Could you print the stretch of lines below from the one with "Theo hình ảnh" through the one with "2025 New Spring", exactly as they stand and without any pictures?

•••

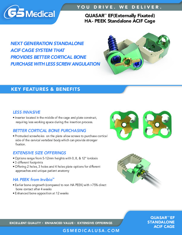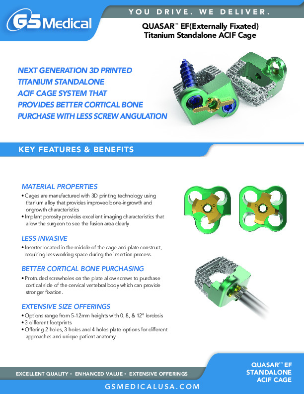 The Quasar 3D Ti Stand Alone ACIF spacer by GS Medical is a stand-alone ACDF plate and spacer modular unit that is available in 2 material options: 3D printed porous titanium and HA(Hydroxyapatite)-integrated PEEK. The ACDF spacer is an integrated zero-profile plate that assembles to the spacer for an integrated stand-alone ACDF procedure. Plate options include a 2, 3, and 4 hole minimal profile and zero-profile.
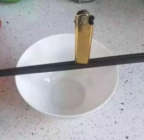 原PO日前在微信朋友圈上傳一張照片,並PO文解釋「公司新來女(同事)請我吃飯,我上廁所回來就這樣了,這是什麼意思啊?在線等,挺急的!」畫面中可見一個白色瓷碗上放了一雙筷子,筷子上又擺了一個直立的打火機,讓原PO看得一頭霧水。
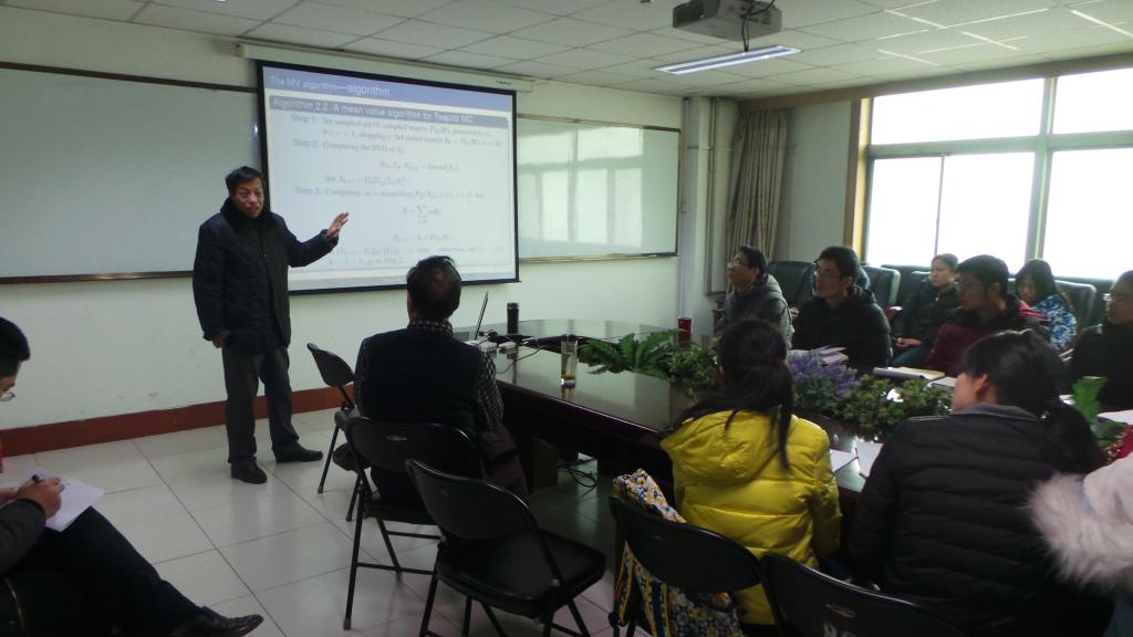 2016年1月2日,在永利3044noc科学会堂A座802会议室,山西太原师范公司的王川龙教授做了题为New Algorithms for Toeplitz Matrix Reconstruction的学术报告。在当天的学术报告上,王川龙先从矩阵填充(Matrix)方面介绍了问题的研究思路,即转化为凸优化问题,解决唯一解。并介绍了FPCA、APG、SVT、ALM(lagrange乘子算法)等凸优化算法。其次从矩阵恢复(recover)方面进行了介绍,结合应用实例,比较了保结构算法和平均值算法等研究方法的优缺点。
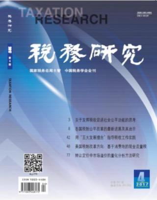 2017年 第4期 财税论坛 关于发挥税收促进社会公平功能的思考 计金标;庞淑芬 各国税制公平改革的 最新进展及其启示(*) 马蔡琛;苗 珊 中国税制转型与促进社会公平(*) 何代欣 我国间接税的归宿与收入再分配效应(*) 尹音频;闫胜利 关于个体网络借贷公司 纳税状况的调研报告 北京市国 地税网络借贷课题组 P2P 网络借贷行业税 收征管研析 颜凌云 建立促进P2P 网络借贷发展的税收法律制度(*) 赵 玲 本刊特稿 用“五大发展理念”指导税收工作实践 郭晓林 税制改革 美国税制改革方向:基于消费地的现金流量税 刘 怡;侯思捷;黄钇淼 马克思产权理论视角下的资源税费改革(*) 李英伟 资源税改革中的租、 税、费关系 张德勇 财税法治 浅议税务行政争议解决机制 刘运毛 关于税收利息制度若干问题的探讨 王语心;王耀鑫;王根富 案例分析 由一起案例看西部大开发企业所得 税优惠政策的执行 张佩峰 环球税收 转让定价中市场溢价的量化分析方法研究 张 盛;刘 建;莫 铌 关联交易、资本弱化与反避税机制(*) □ 汤湘希 沈将来 陈明进 汪瑞芝 欧盟五成员国个人所得税制度分析与借鉴(*) □ 刘柏惠 财税史鉴 从博弈论视角再议英国所得税的滥觞 □ 王文素 梁长来 古代重大财税改革与营改增的共性 □ 郭 祥 研究探索 财政补贴、税收优惠与战略性新兴产业专利产出(*) □ 储德银 纪 凡 杨 珊 高新技术产业税收优 惠政策效应分析 □ 重庆市税务学会课题组 企业重组个人所得税政策:理论审视与改革完善 □ 李 辉 新形势下地方税体系重构路径探析(*) □ 刘天琦 李红霞 刘代民 “互联网+”税务信息化生态系统的发展策略 □ 广东省中山市国家税务局课题组 税收管理 探索国地税融合下的 “互联网+税务”模式 □ 杭州市地方税务局课题组 企业破产重整中税收债权清偿的政策建议 □ 卿 云 周芯竹 杨锦成 对营改增后税收管理 面临挑战的几点认识 □ 冷文娟 李 伟
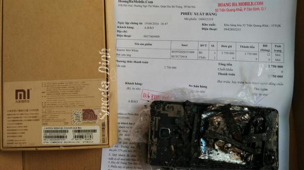 Theo hình ảnh hóa đơn được đăng tải, chiếc Xiaomi Mi4 này là hàng chính hãng, mới 100% được anh mua tại hệ thống cửa hàng Hoàng Hà Mobile vào tháng 4 năm nay. Ngay sau khi sự việc xảy ra anh này đã liên hệ với đơn vị bán hàng, tuy nhiên anh không đã không nhận được bất kì sự hỗ trợ nào từ đơn vị trên.
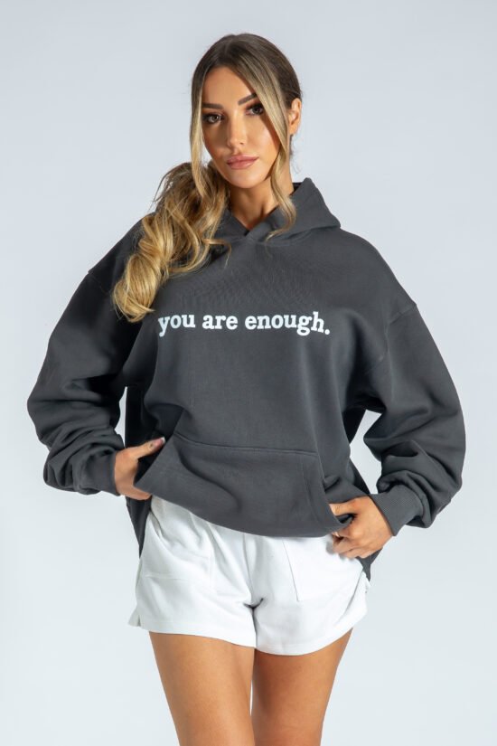 You Are Enough Oversized Hoodies Pullover Sweatshirt With Pockets Charcoal
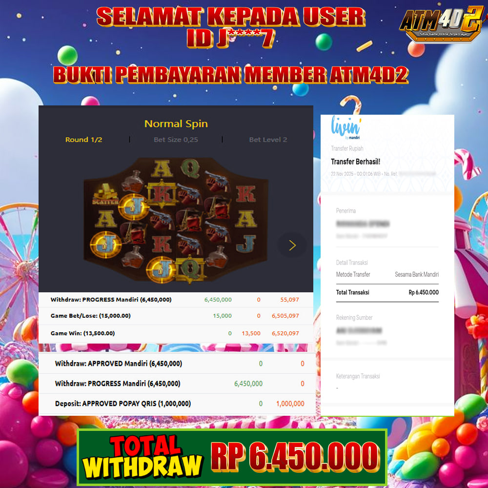 ATM4D2 dikenal sebagai situs terpercaya yang selalu menghadirkan pengalaman bermain slot online yang aman, fair, dan berlisensi resmi. Di sini, kami tidak hanya sekadar memberikan janji, tapi bukti nyata berupa slip kemenangan yang dapat Anda lihat secara langsung.
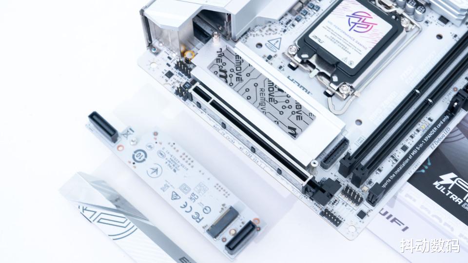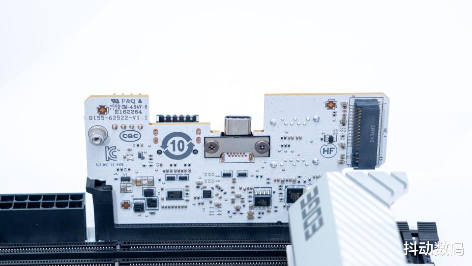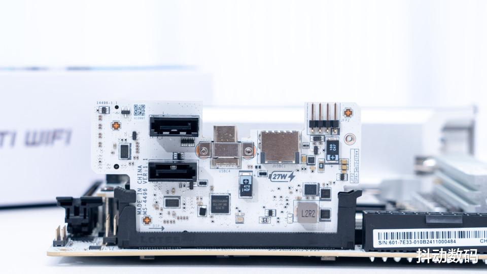 一样是白色的PCB设计,除了实现了主板前置USB 20Gbps Type-C接口、一个USB 5Gbps Type-C接口、两个SATA接口以及一个JAF_2扩展接口。
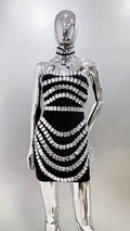 2025 New Spring Women Sexy Strapless Big Crystak Bodycon Mini Bandage Dress Necklace Fashion Celebrate Nightclub Party Dress
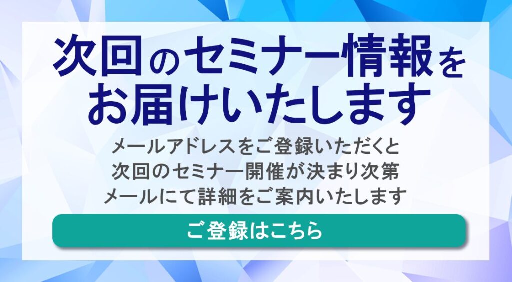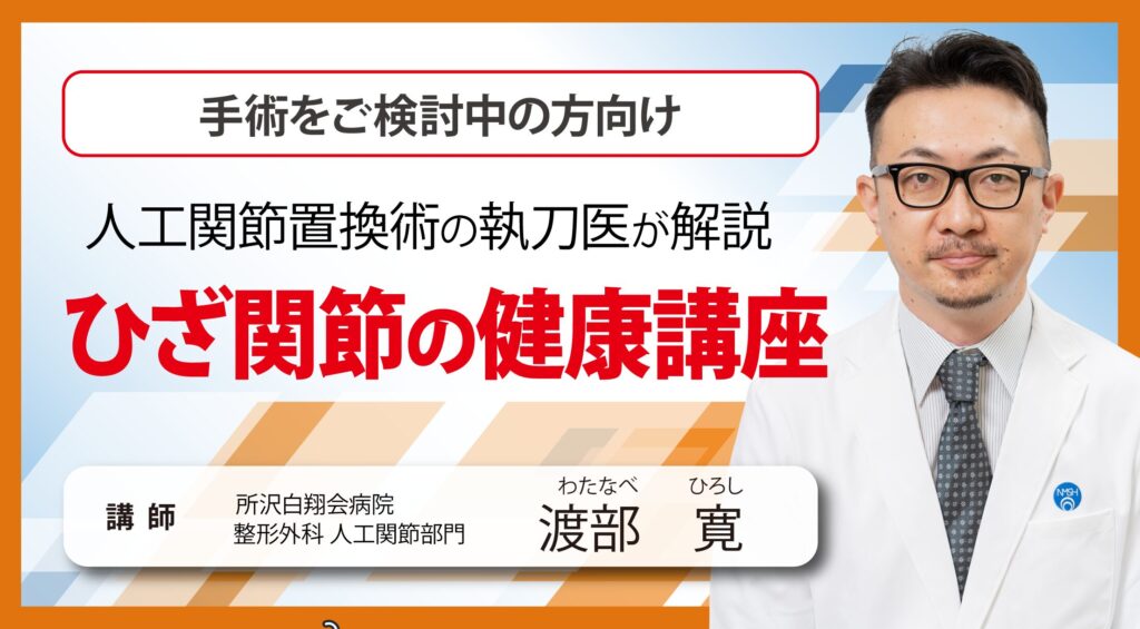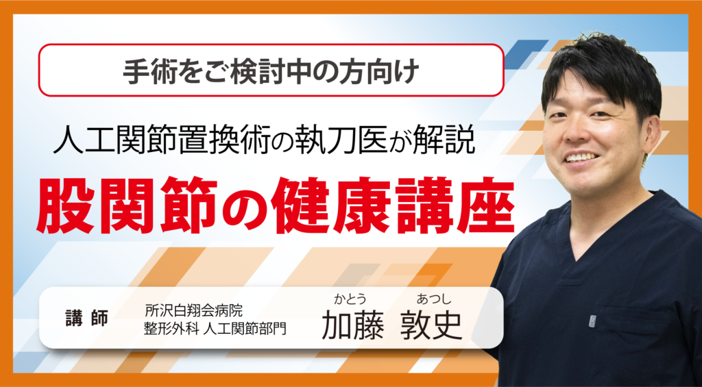 2026年3月28日(土) 股関節の健康講座 開催場所:東上パールビルヂング 詳しくはこちら 2026年4月18日(土) 膝関節の健康講座 開催場所:狭山市市民会館 詳しくはこちら 2026年4月25日(土) 股関節の健康講座 開催場所:所沢市民文化センターミューズ 詳しくはこちら 次回セミナー開催案内 開催場所:決定次第、当ページにてお知らせ 詳しくはこちら
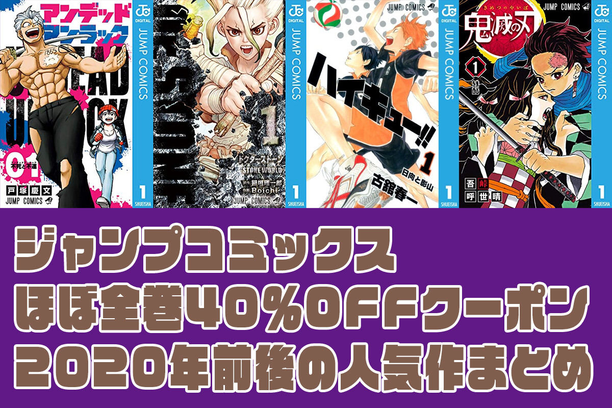 【クーポン】「アンデッドアンラック」「Dr.STONE」全巻対象!Kindleでジャンプコミックス40%OFF 「ハイキュー!!」「鬼滅の刃」など2020年前後を彩る作品まとめ(4/9まで?)
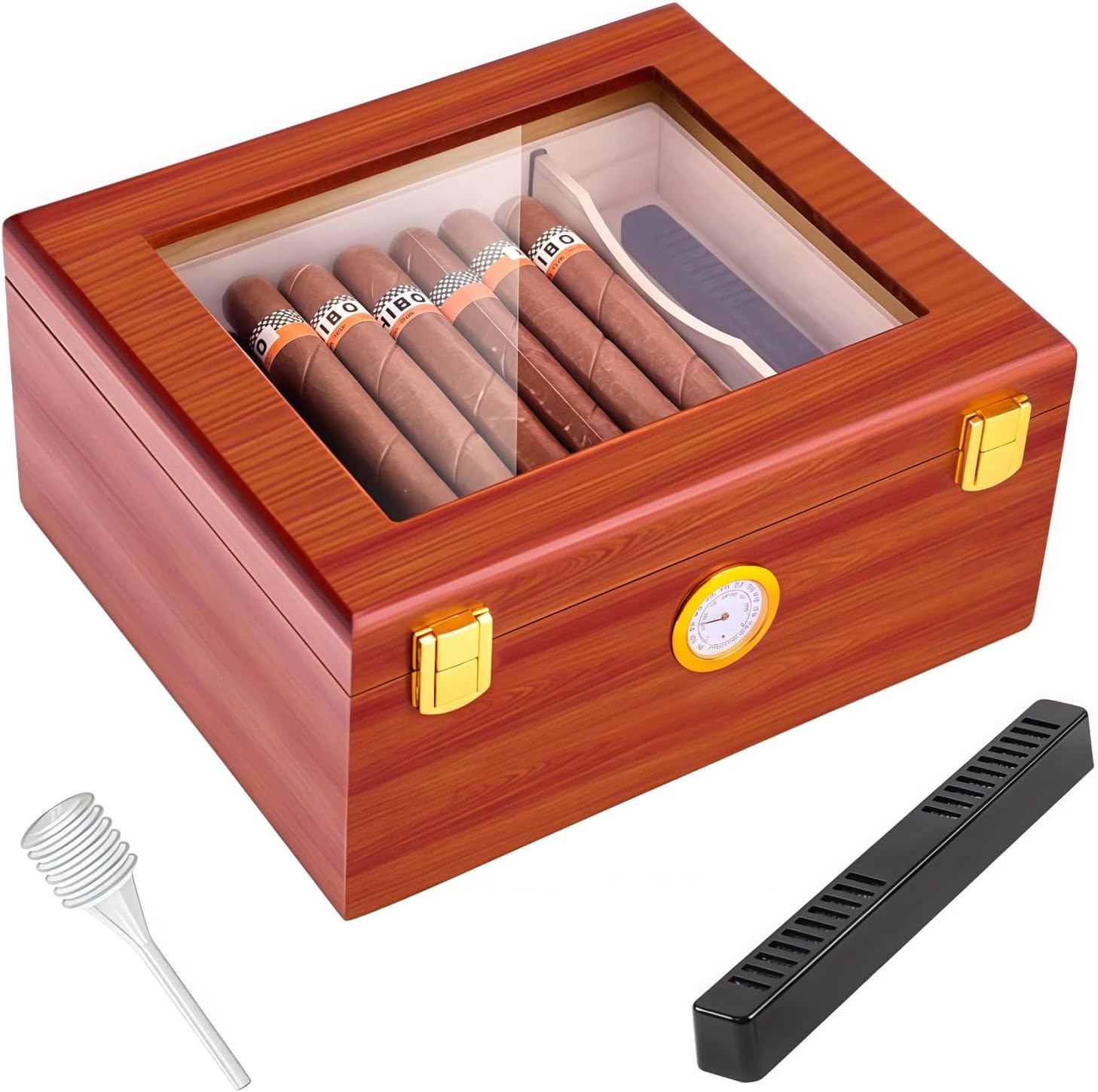 - 【Exquisite Craftsmanship】The surface of the cigars humidors is made of baking lacquer, simple and high-grade, wear-resistant and polished. Scratch-resistant velvet bottom prevents scratching of cigar storage box. The gilded hinge is smooth, and the golden lock adds a touch of luxury to the humidor. The large glass display window on the top combines practicality and aesthetics. The overall appearance is exquisite, humidors for cigars 25-50. This wood cigar box kit is ideal cigar cases for men
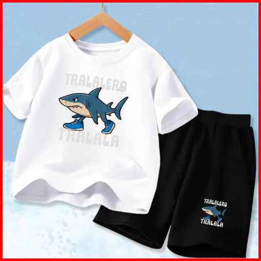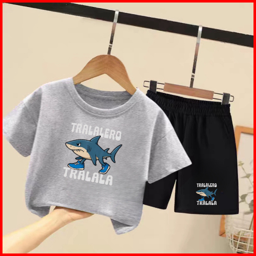 Setelan Anak Untuk 2- 11 Tahun Motif Tralalero Tralala Stelan Kaos Santai Baju Kaos Anak Lengan Dan Celana Pendek Hp Tra
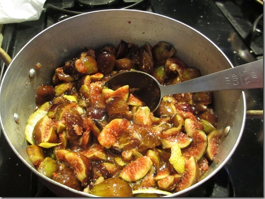 The recipe is simple (you can find it here from last year) and it is worth repeating. I cut the stem ends off the figs, but don’t peel them, as I don’t have nearly enough patience to do that, and it’s generally unnecessary. I quarter the figs because it’s the simples way to cut them. Cut. Turn. Cut.Toss them in a heavy pan with sugar, lemon peel, bourbon and a pinch of salt.
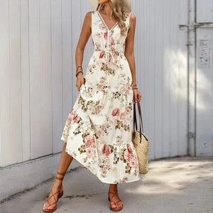 Ge din sommargarderob ett lyft med denna luftiga och eleganta vita blommiga klänning. Perfekt för soliga dagar, picknickar eller en kvällspromenad längs stranden – du kommer att känna dig både bekväm och oemotståndlig.
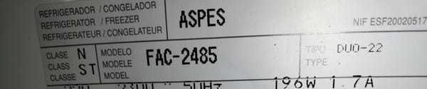 Tengo problemas con la lámpara de un frigorífico Aspes.
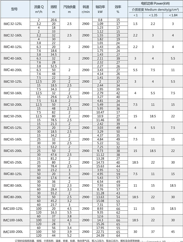 6、泵的绝大多数零部件可与IMC系列磁力泵互换,泵的性能与IMC系列相同;
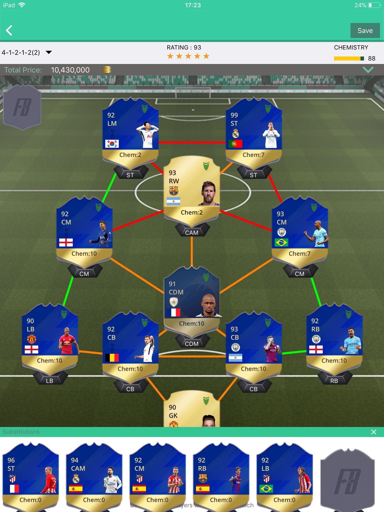 Jelenleg ilyen a csapat. Bármilyen változtatás amit a jövőben eszközölhetnék? Ha mondjuk ikon akkor végső esetben akár Crespot is felhasználhatom, de az fájdalmas lenne... A védelmet okénak érzem, ott max egy ikon segítene. Esetleg egy "jobb" De Gea? 100k-m van most, de hátha jön még valami jó húzás.
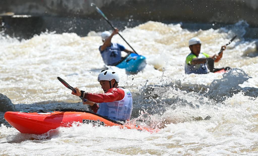 2023年10月7日,中国选手全鑫在比赛中。当日,杭州亚运会皮划艇激流回旋项目男子单人皮艇决赛在杭州富阳水上运动中心举行。新华社记者 杜潇逸 摄
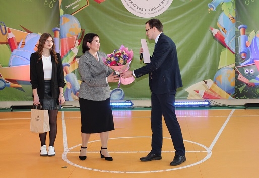 На презентацию музея-театра коллектив школы пригласил директора благотворительного фонда “Будущее Сейчас” Константина Ситникова, который поздравил сотрудников учреждения с успешной реализацией проекта и юбилеем учреждения.
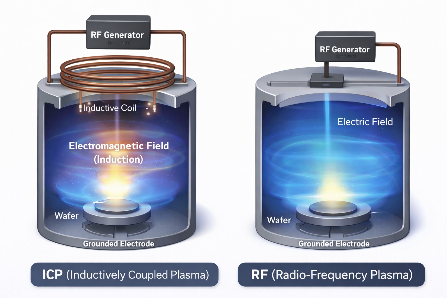 반도체 같은 비교적 정밀성을 요구하는 식각장비를 검토하다 보면 ICP 방식과 CCP 방식이라는 용어를 자연스럽게 접하게 됩니다. 두 방식은 같은 목적을 향하지만, 에너지를 전달하는 구조와 공정 성향에서는 분명한 차이를 보입니다. 이 글에서는 구조적 차이와 운용 관점에서의 특징을 중심으로, 두 방식이 어떤 환경에서 각각 적합한지를 정리하겠습니다.
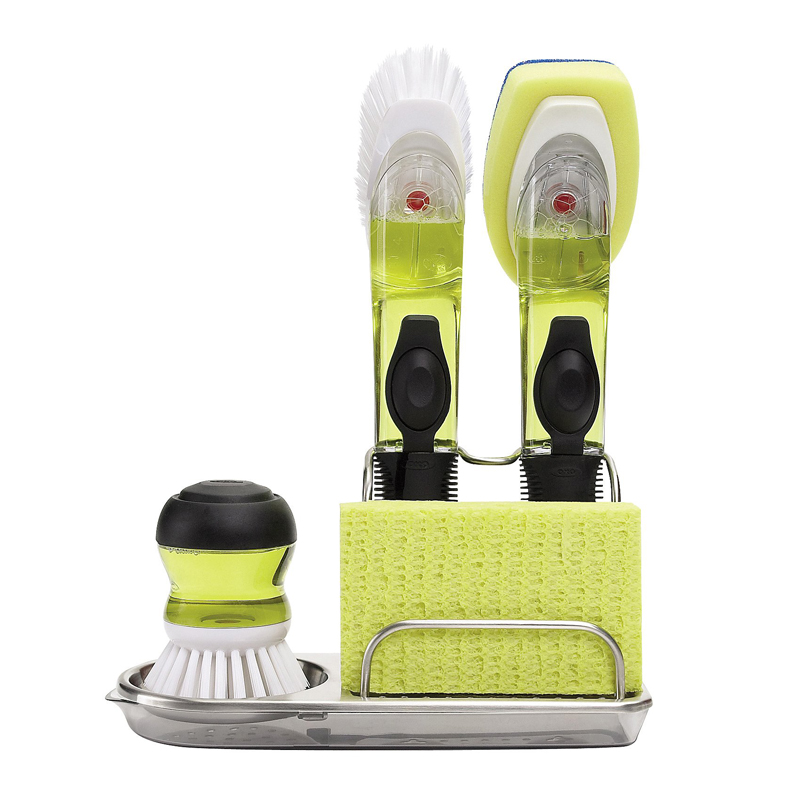 Mantén todos los productos de limpieza organizados en este práctico organizador que permite ganar espacio al tener todas las herramientas de limpieza organizadas en un solo elemento. Espacios separados para 2 cepillos, 1 dispensador de jabón y 1 esponja (artículos no incluidos). Su base perforada permite tener las esponjas secas, y su bandeja es extraible para una fácil limpieza. Fabricado en acero inoxidable..

•••

ANSWER TO THIS TASK:
 Theo hình ảnh hóa đơn được đăng tải, chiếc Xiaomi Mi4 này là hàng chính hãng, mới 100% được anh mua tại hệ thống cửa hàng Hoàng Hà Mobile vào tháng 4 năm nay. Ngay sau khi sự việc xảy ra anh này đã liên hệ với đơn vị bán hàng, tuy nhiên anh không đã không nhận được bất kì sự hỗ trợ nào từ đơn vị trên.
 You Are Enough Oversized Hoodies Pullover Sweatshirt With Pockets Charcoal
 ATM4D2 dikenal sebagai situs terpercaya yang selalu menghadirkan pengalaman bermain slot online yang aman, fair, dan berlisensi resmi. Di sini, kami tidak hanya sekadar memberikan janji, tapi bukti nyata berupa slip kemenangan yang dapat Anda lihat secara langsung.
 一样是白色的PCB设计,除了实现了主板前置USB 20Gbps Type-C接口、一个USB 5Gbps Type-C接口、两个SATA接口以及一个JAF_2扩展接口。
 2025 New Spring Women Sexy Strapless Big Crystak Bodycon Mini Bandage Dress Necklace Fashion Celebrate Nightclub Party Dress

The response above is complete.